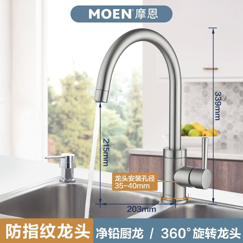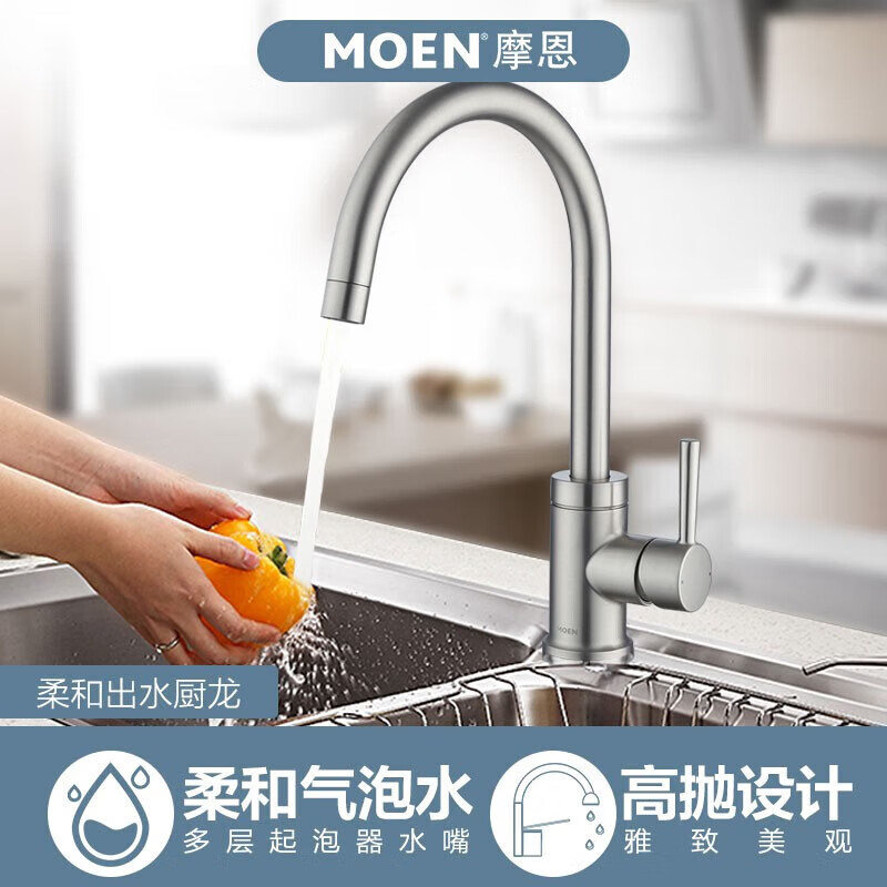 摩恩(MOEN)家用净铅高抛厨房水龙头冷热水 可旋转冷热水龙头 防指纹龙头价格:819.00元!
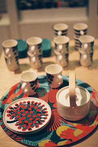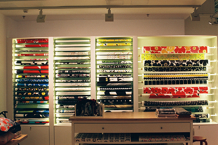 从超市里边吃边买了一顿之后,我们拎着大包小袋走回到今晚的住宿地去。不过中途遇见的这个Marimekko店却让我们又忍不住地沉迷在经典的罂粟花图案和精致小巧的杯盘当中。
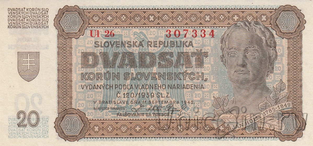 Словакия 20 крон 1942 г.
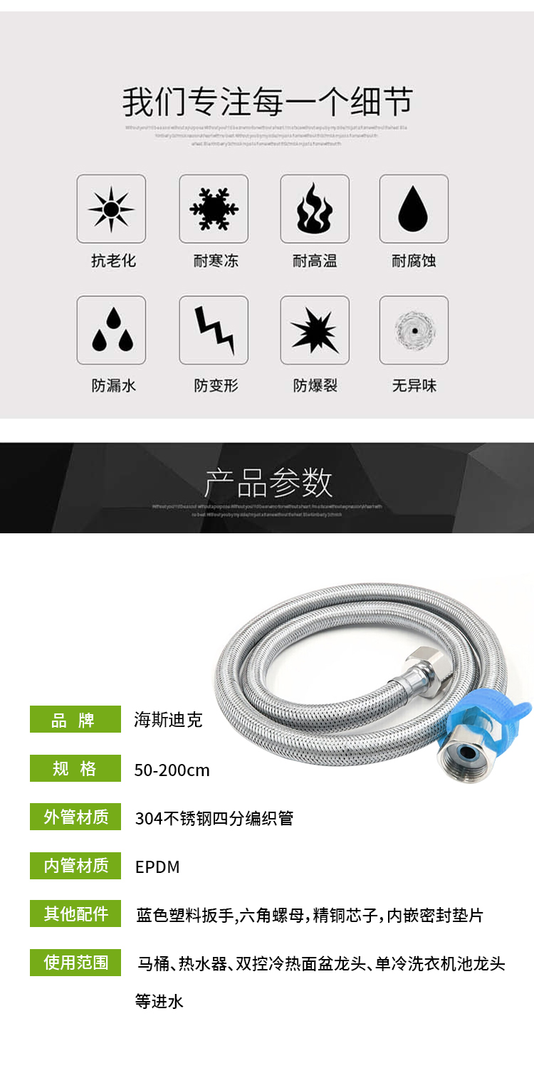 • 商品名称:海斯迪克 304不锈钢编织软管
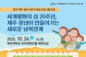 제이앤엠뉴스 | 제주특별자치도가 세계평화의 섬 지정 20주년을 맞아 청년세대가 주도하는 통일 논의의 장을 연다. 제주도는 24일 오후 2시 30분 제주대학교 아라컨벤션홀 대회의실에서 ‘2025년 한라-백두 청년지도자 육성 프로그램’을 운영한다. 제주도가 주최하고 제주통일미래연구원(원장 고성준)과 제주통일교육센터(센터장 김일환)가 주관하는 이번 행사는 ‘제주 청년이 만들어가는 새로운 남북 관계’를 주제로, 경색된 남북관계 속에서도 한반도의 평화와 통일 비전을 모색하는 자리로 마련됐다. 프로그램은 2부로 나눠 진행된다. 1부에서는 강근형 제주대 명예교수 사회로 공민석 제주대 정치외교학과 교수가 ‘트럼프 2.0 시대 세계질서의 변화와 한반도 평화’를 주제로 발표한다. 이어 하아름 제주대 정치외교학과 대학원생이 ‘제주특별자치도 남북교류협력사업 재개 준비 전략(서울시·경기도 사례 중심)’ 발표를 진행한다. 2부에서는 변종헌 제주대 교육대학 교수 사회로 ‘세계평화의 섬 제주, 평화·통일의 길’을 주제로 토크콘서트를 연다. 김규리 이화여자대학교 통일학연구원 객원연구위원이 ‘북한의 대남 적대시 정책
---
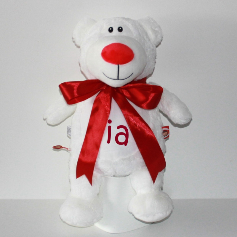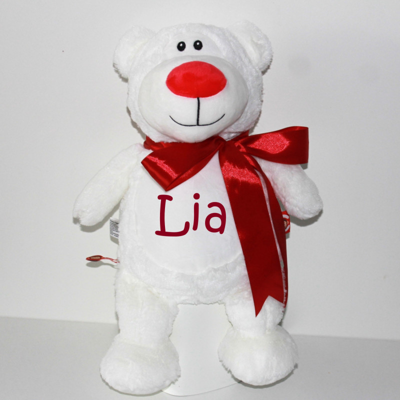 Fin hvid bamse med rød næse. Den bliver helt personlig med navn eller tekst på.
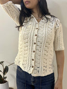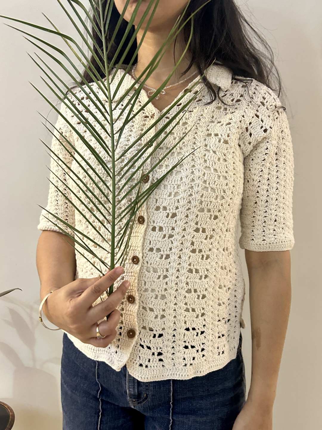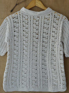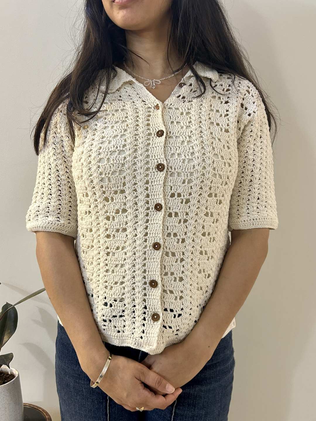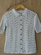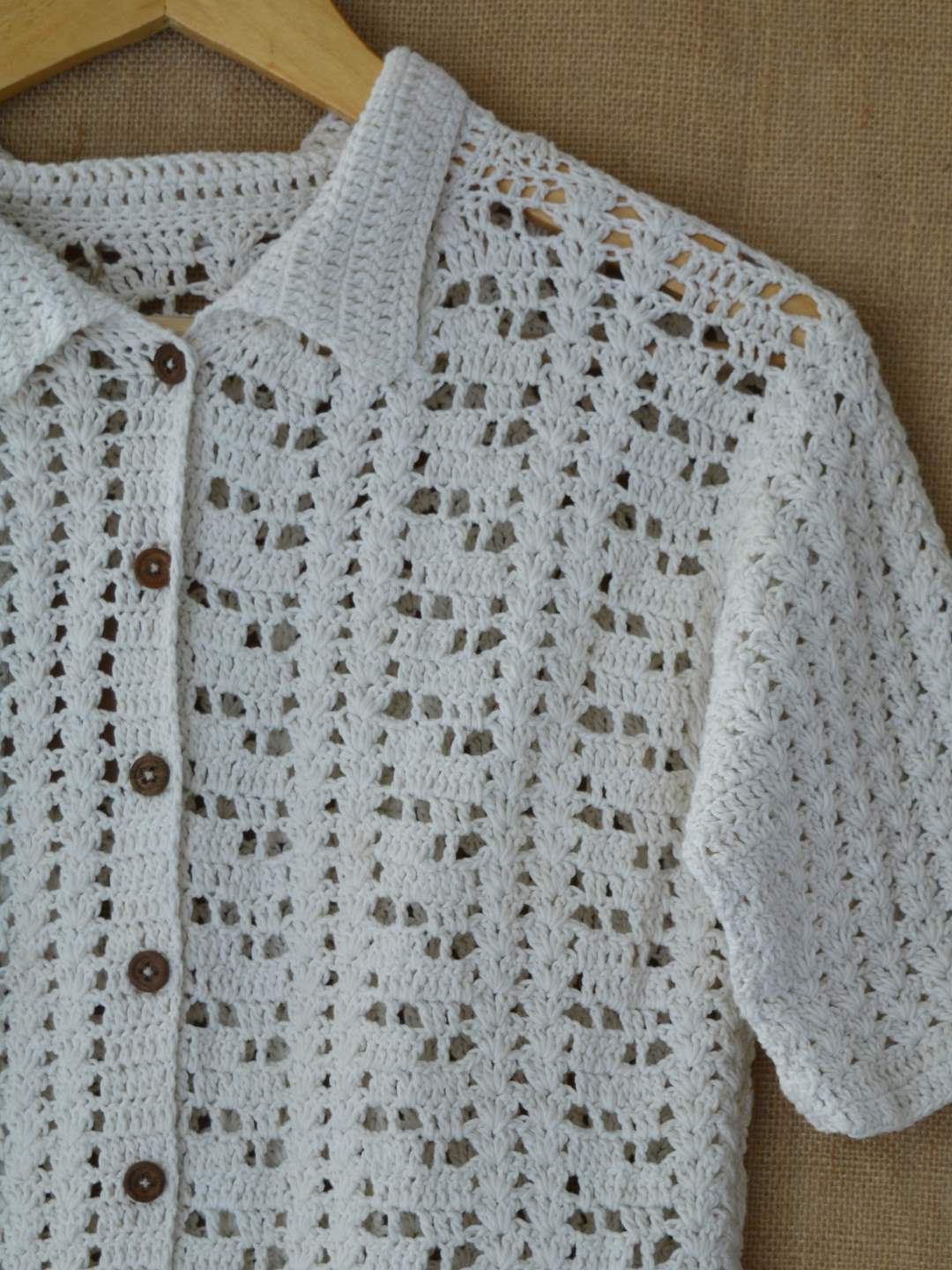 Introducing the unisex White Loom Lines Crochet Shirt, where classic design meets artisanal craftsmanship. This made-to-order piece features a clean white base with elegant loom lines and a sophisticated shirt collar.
---
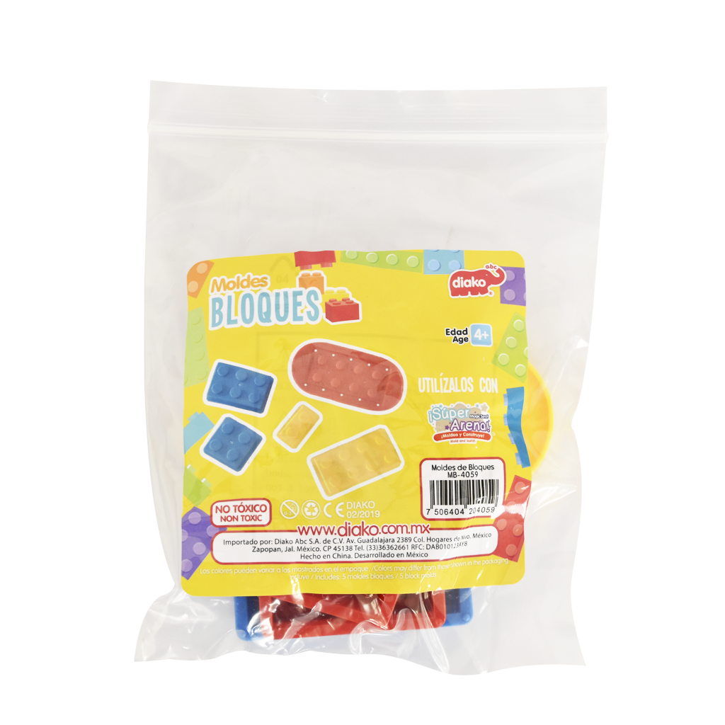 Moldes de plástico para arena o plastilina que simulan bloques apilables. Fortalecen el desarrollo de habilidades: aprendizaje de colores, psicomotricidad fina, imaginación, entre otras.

INSTRUCTIONS FOR THE TASK
Word for word, restate the lines above from the one with "摩恩(MOEN)家用净铅高抛厨房水龙头冷热水 可旋转冷热水龙头 防指纹龙头价格:819.00元!" through the one with "제이앤엠뉴스 | 제주특별자치도가", keeping both ends and dropping the pictures.

TASK ANSWER
 摩恩(MOEN)家用净铅高抛厨房水龙头冷热水 可旋转冷热水龙头 防指纹龙头价格:819.00元!
 从超市里边吃边买了一顿之后,我们拎着大包小袋走回到今晚的住宿地去。不过中途遇见的这个Marimekko店却让我们又忍不住地沉迷在经典的罂粟花图案和精致小巧的杯盘当中。
 Словакия 20 крон 1942 г.
 • 商品名称:海斯迪克 304不锈钢编织软管
 제이앤엠뉴스 | 제주특별자치도가 세계평화의 섬 지정 20주년을 맞아 청년세대가 주도하는 통일 논의의 장을 연다. 제주도는 24일 오후 2시 30분 제주대학교 아라컨벤션홀 대회의실에서 ‘2025년 한라-백두 청년지도자 육성 프로그램’을 운영한다. 제주도가 주최하고 제주통일미래연구원(원장 고성준)과 제주통일교육센터(센터장 김일환)가 주관하는 이번 행사는 ‘제주 청년이 만들어가는 새로운 남북 관계’를 주제로, 경색된 남북관계 속에서도 한반도의 평화와 통일 비전을 모색하는 자리로 마련됐다. 프로그램은 2부로 나눠 진행된다. 1부에서는 강근형 제주대 명예교수 사회로 공민석 제주대 정치외교학과 교수가 ‘트럼프 2.0 시대 세계질서의 변화와 한반도 평화’를 주제로 발표한다. 이어 하아름 제주대 정치외교학과 대학원생이 ‘제주특별자치도 남북교류협력사업 재개 준비 전략(서울시·경기도 사례 중심)’ 발표를 진행한다. 2부에서는 변종헌 제주대 교육대학 교수 사회로 ‘세계평화의 섬 제주, 평화·통일의 길’을 주제로 토크콘서트를 연다. 김규리 이화여자대학교 통일학연구원 객원연구위원이 ‘북한의 대남 적대시 정책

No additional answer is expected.